Florida Gov. Rick Scott, who has a little more than a year left in office, is releasing his final set of budget recommendations on Tuesday.
And it's sure to contain many of the same items that the Republican governor has recommended in past years: A smattering of tax cuts, probably a small increase in school funding (possibly backed by a rise in property values), and his evergreen request that all state workers pay the same for health insurance. (Legislators have rejected this idea year in and year out.)
But to sound vaguely like a country song, Scott is a long, long way from Eustis, where he rolled out his first budget at an event filled with tea party supporters.
In that first ever proposal, Scott rolled out a spending plan that called for nearly $5 billion in spending cuts in 2011-12 fiscal year, which would then be used to help with $2 billion of recurring tax cuts.
When he first ran for governor, Scott constantly touted his "7-7-7" plan that he said would lead to nearly 700,000 jobs if the plan's seven steps were followed over seven years. (Those 700,000 jobs were on top of normal growth, Scott said at the time, but that's an argument for another time.)
A central plank of this plan to help the state's economy was the elimination of Florida's corporate income tax. Scott promised to completely get rid of it by 2018, starting with a $458 million reduction in year 1 and a $1 billion cut in year 2. (Another promise was to substantially cut the property tax rate charged to homeowners for schools.)
"It’s not a budget that dabbles. It doesn’t offer a little something for every special interest or sweeteners for certain people," Scott said at the time. "It’s a two year budget that faces realities now, rather than putting them off for later. It makes the hard decisions. But it makes the right decisions for Florida’s future."
He added: "We will capture more jobs if other states have a business tax that Florida does not have. We are competing with 49 other states and many countries for entrepreneurs who start, grow and move companies based on where they can get the best return."
But Scott's push for sweeping and deep budget cuts paired with a mammoth tax cut fell flat with the GOP-controlled Legislature.
Still grappling with the fallout from the Great Recession and a budget shortfall, legislators sent Scott a budget that included some tax cuts (mostly property taxes charged by water management districts), spending cuts and a contentious move to deducting money from public employees to help pay for their retirement plans.
Instead of cutting the corporate tax income rate like Scott wanted, legislators instead agreed to exempt businesses from paying the tax if they only made a certain amount of money. Over two sessions the exemption level was raised from $5,000 to $50,000.

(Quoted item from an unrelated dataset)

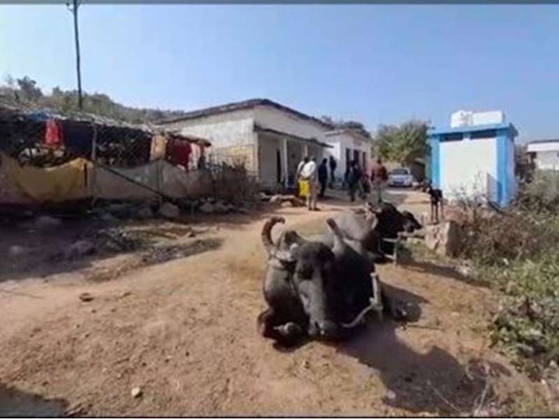 भैंसों के तबेले में बदला स्कूल भवन, बच्चों की पढ़ाई सड़क और मंदिर पर पहुंची
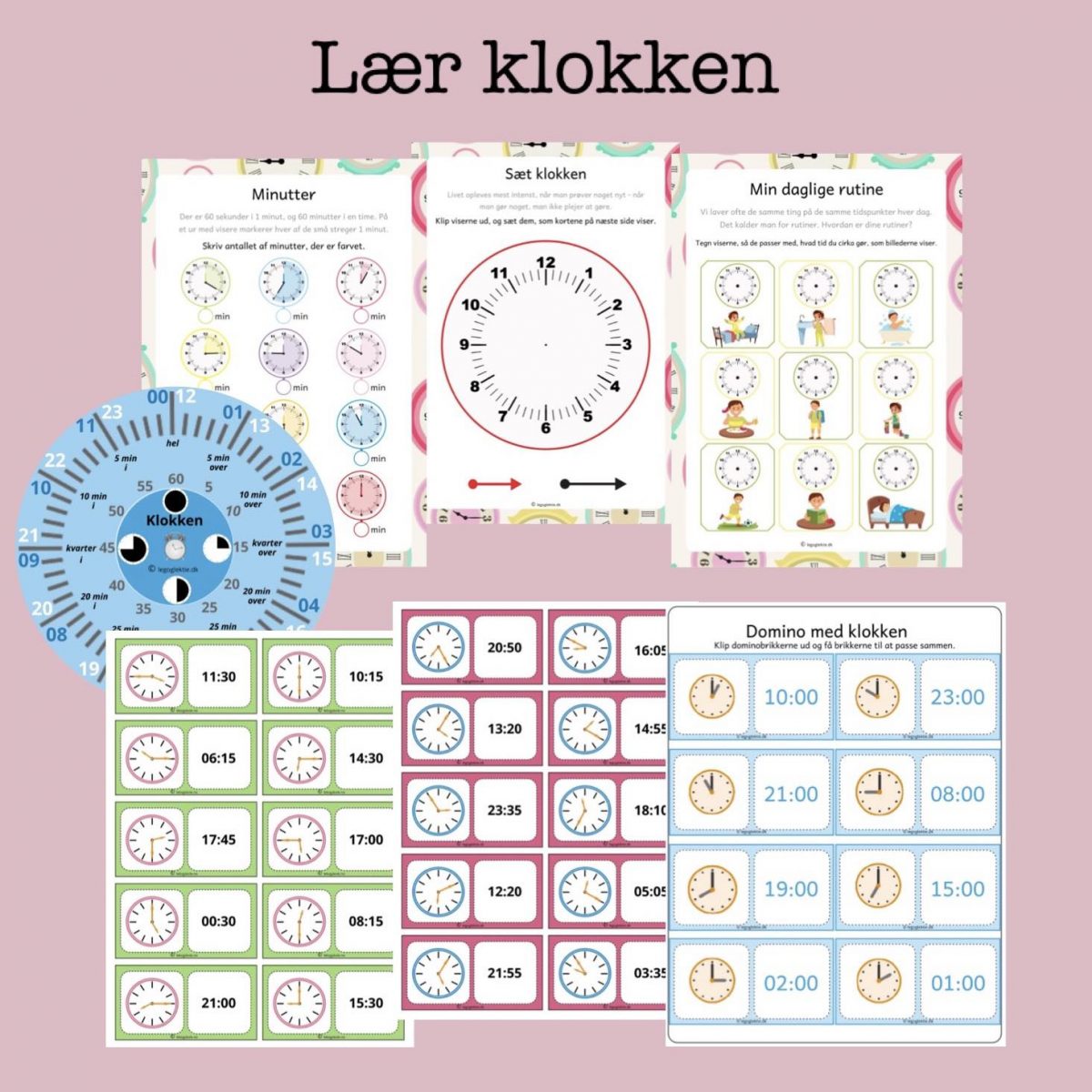Det kan være svært for mange børn at lære klokken. Det kan være svært at finde rundt i 24-timers system, fordi når tallet står samme sted, kan det repræsentere to forskellige tidspunkter. Derfor har vi samlet en pakke med hæfter og spil, så dit barn kan lære klokken og få en tidsfornemmelse.

The move exempted many businesses from paying the tax, but as Scott leaves office it remains a substantial tax source for Florida government. Legislative economists predicted the state would wind up taking in about $2 billion this year from the corporate income tax.
Scott has tried to include further tweaks to the corporate income tax in his annual spending plans, but he has been unable to make any substantial progress on his initial pledge.
And this year - ahead of a likely campaign for U.S. Senate - the governor didn't even try.
He recently rolled out a modest tax and fee-cutting package that includes tax holidays and a rolling back of driver's license fees. His package was entirely targeted to residents and individuals and included no tax cuts for businesses or
When pressed about it, Scott said recently that he still would like to cut the corporate income tax, but he did not express any disappointment that he was unable to achieve what once was a top goal.
"You fight everyday for the things you think are a priority and that's what I have done," Scott said. "I would love to cut more taxes, but there's actually three branches of government."